TO DO —
When you copy the data, keep every word exactly as it is and leave the pictures out.

AVAILABLE DATA —
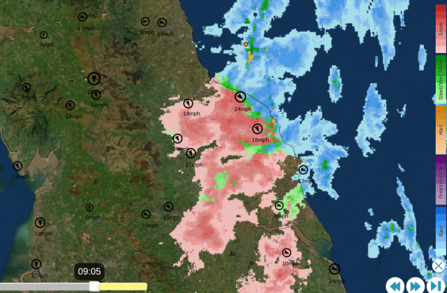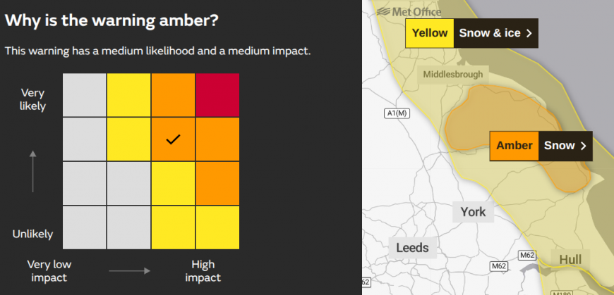 “Frequent wintry showers will feed inland from the North Sea, giving significant snow accumulations over the North York Moors and parts of the Yorkshire Wolds. By the end of Thursday, as much as 15-25 cm may have accumulated on hills above 100 m elevation, which is likely to cause substantial disruption. Gusty winds, giving occasional blizzard conditions, and perhaps a few lightning strikes” Met Office
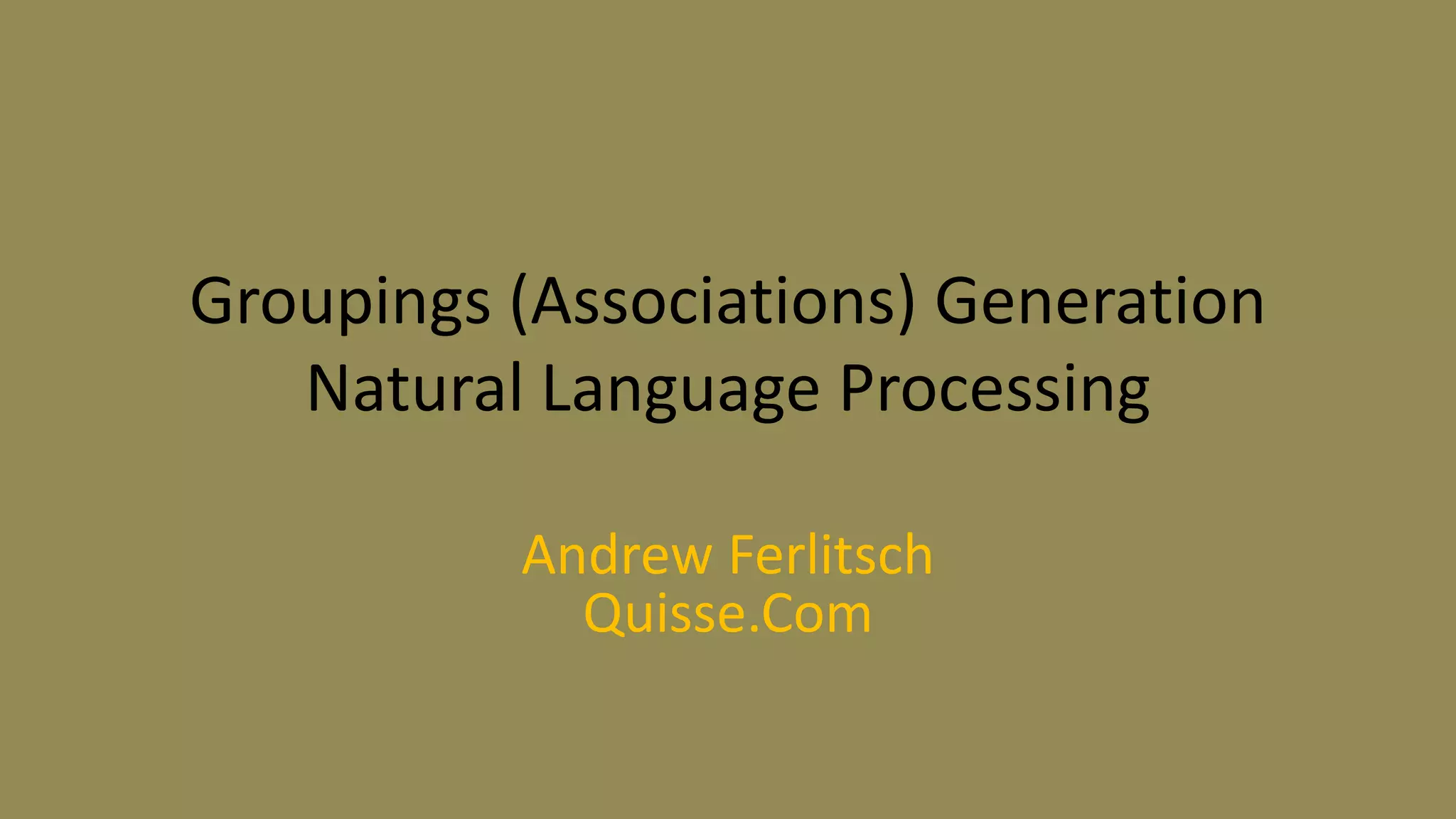 The document outlines a method for automating the generation of associations in natural language processing to aid children's learning by categorizing objects. It discusses the hierarchy of a categorical dictionary that features three levels (category, major, minor) and outlines how this structure is used to create quizzes that challenge children to identify items that do not belong in a given group. The process also varies in difficulty by adjusting the specificity of categories and subcategories involved in the quiz generation.
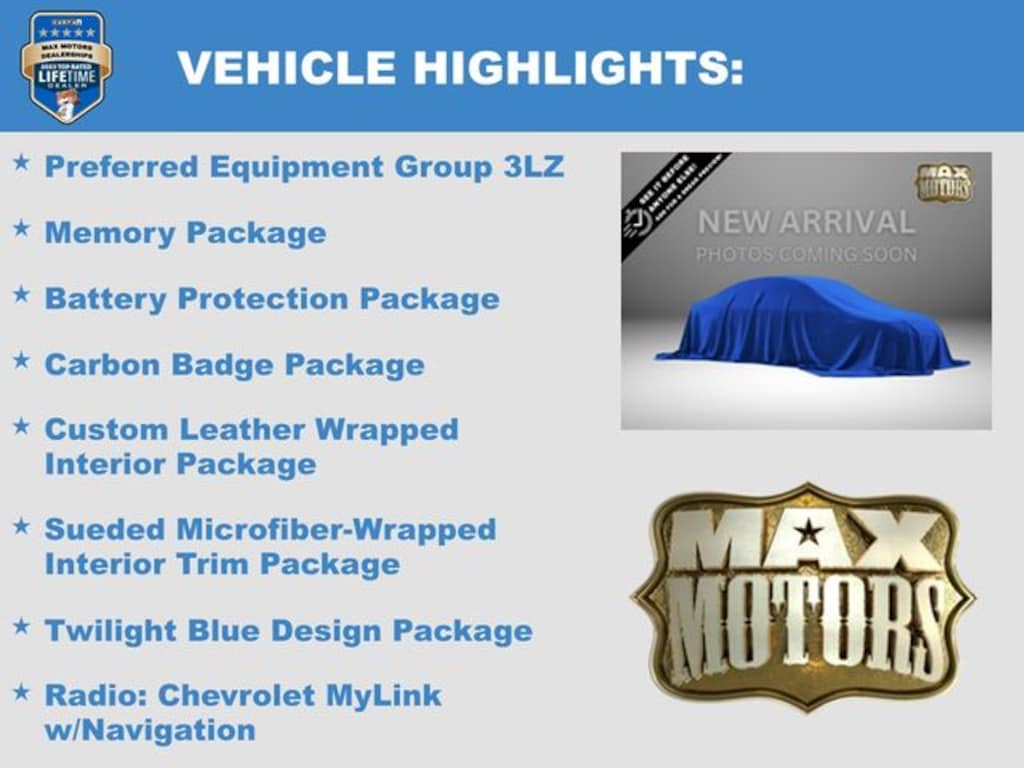 3LZ Interior Trim, 8-Way Driver & Passenger Seat Adjusters, Apple CarPlay, Auto-Dimming Inside Frameless Rearview Mirror, Battery Protection Package, Body-Color Outside Heated Power-Adjustable Mirrors, Bose Advanced 10-Speaker Audio System Feature, Carbon Badge Package, Cargo Net, Custom Leather Wrapped Interior Package, Exterior Parking Camera Rear, Front Curb View Cameras, GT Bucket Seats, Head-Up Display, Heated & Vented Driver & Passenger Seats, Heated door mirrors, High-Intensity Discharge Headlights, Illuminated entry, Luggage Shade, Memory Package, Painted Body-Color Carbon Fiber Removable Roof Panel, Performance Data & Video Recorder, Power Lumbar/Bolster Seat Adjusters, Preferred Equipment Group 3LZ, Radio: Chevrolet MyLink w/Navigation, Remote keyless entry, Remote Vehicle Starter System, Shark Gray Painted Exterior Vents, Steering wheel mounted audio controls, Sueded Microfiber-Wrapped Interior Trim Package, Theft Deterrent System, Twilight Blue Design Package, Universal Home Remote, Variably intermittent wipers, Wheels: 19" x 10" Fr & 20" x 12" Rr Z06 10-Spoke.
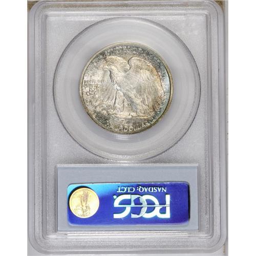 1944-S 50C MS66 PCGS. Speckles of cobalt-blue, golden-
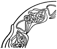 Bittersweet. Some of the berry forms Yellow-Red, others Albert Yellow mixed with Pompadour. Moss Green is a very good tint for upper leaves and Apple Green mixed with a touch of Deep Purple for lower leaves; a touch of Black may be added to this mixture for darkest leaves. Auburn Brown should be used for stems. Background of Oriental Ivory mixed with a touch of black is effective for such an arrangement. If the design is a panel effect bordered with bands, Gold may be used to good advantage for bands.
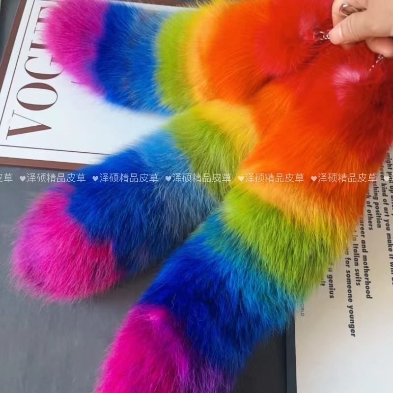 本物のキツネの毛の上着の袖口のコートは皮を整えます。
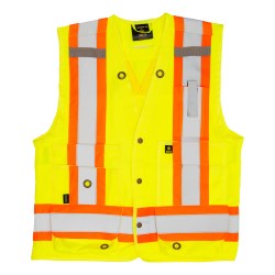 Ce gilet de sécurité de style arpenteur est conçu pour les travailleurs qui ont besoin d’une haute visibilité, d’un rangement fonctionnel et d’un confort léger pendant des tâches actives à l’intérieur comme à l’extérieur. Sa configuration de poches, ses éléments conçus pour la radio et son ouverture pour harnais le rendent particulièrement utile lorsque les travailleurs doivent transporter de petits outils ou des appareils de communication tout en demeurant visibles et conformes.

WRITTEN RESPONSE —
 “Frequent wintry showers will feed inland from the North Sea, giving significant snow accumulations over the North York Moors and parts of the Yorkshire Wolds. By the end of Thursday, as much as 15-25 cm may have accumulated on hills above 100 m elevation, which is likely to cause substantial disruption. Gusty winds, giving occasional blizzard conditions, and perhaps a few lightning strikes” Met Office
 The document outlines a method for automating the generation of associations in natural language processing to aid children's learning by categorizing objects. It discusses the hierarchy of a categorical dictionary that features three levels (category, major, minor) and outlines how this structure is used to create quizzes that challenge children to identify items that do not belong in a given group. The process also varies in difficulty by adjusting the specificity of categories and subcategories involved in the quiz generation.
 3LZ Interior Trim, 8-Way Driver & Passenger Seat Adjusters, Apple CarPlay, Auto-Dimming Inside Frameless Rearview Mirror, Battery Protection Package, Body-Color Outside Heated Power-Adjustable Mirrors, Bose Advanced 10-Speaker Audio System Feature, Carbon Badge Package, Cargo Net, Custom Leather Wrapped Interior Package, Exterior Parking Camera Rear, Front Curb View Cameras, GT Bucket Seats, Head-Up Display, Heated & Vented Driver & Passenger Seats, Heated door mirrors, High-Intensity Discharge Headlights, Illuminated entry, Luggage Shade, Memory Package, Painted Body-Color Carbon Fiber Removable Roof Panel, Performance Data & Video Recorder, Power Lumbar/Bolster Seat Adjusters, Preferred Equipment Group 3LZ, Radio: Chevrolet MyLink w/Navigation, Remote keyless entry, Remote Vehicle Starter System, Shark Gray Painted Exterior Vents, Steering wheel mounted audio controls, Sueded Microfiber-Wrapped Interior Trim Package, Theft Deterrent System, Twilight Blue Design Package, Universal Home Remote, Variably intermittent wipers, Wheels: 19" x 10" Fr & 20" x 12" Rr Z06 10-Spoke.
 1944-S 50C MS66 PCGS. Speckles of cobalt-blue, golden-
 Bittersweet. Some of the berry forms Yellow-Red, others Albert Yellow mixed with Pompadour. Moss Green is a very good tint for upper leaves and Apple Green mixed with a touch of Deep Purple for lower leaves; a touch of Black may be added to this mixture for darkest leaves. Auburn Brown should be used for stems. Background of Oriental Ivory mixed with a touch of black is effective for such an arrangement. If the design is a panel effect bordered with bands, Gold may be used to good advantage for bands.
 本物のキツネの毛の上着の袖口のコートは皮を整えます。
 Ce gilet de sécurité de style arpenteur est conçu pour les travailleurs qui ont besoin d’une haute visibilité, d’un rangement fonctionnel et d’un confort léger pendant des tâches actives à l’intérieur comme à l’extérieur. Sa configuration de poches, ses éléments conçus pour la radio et son ouverture pour harnais le rendent particulièrement utile lorsque les travailleurs doivent transporter de petits outils ou des appareils de communication tout en demeurant visibles et conformes.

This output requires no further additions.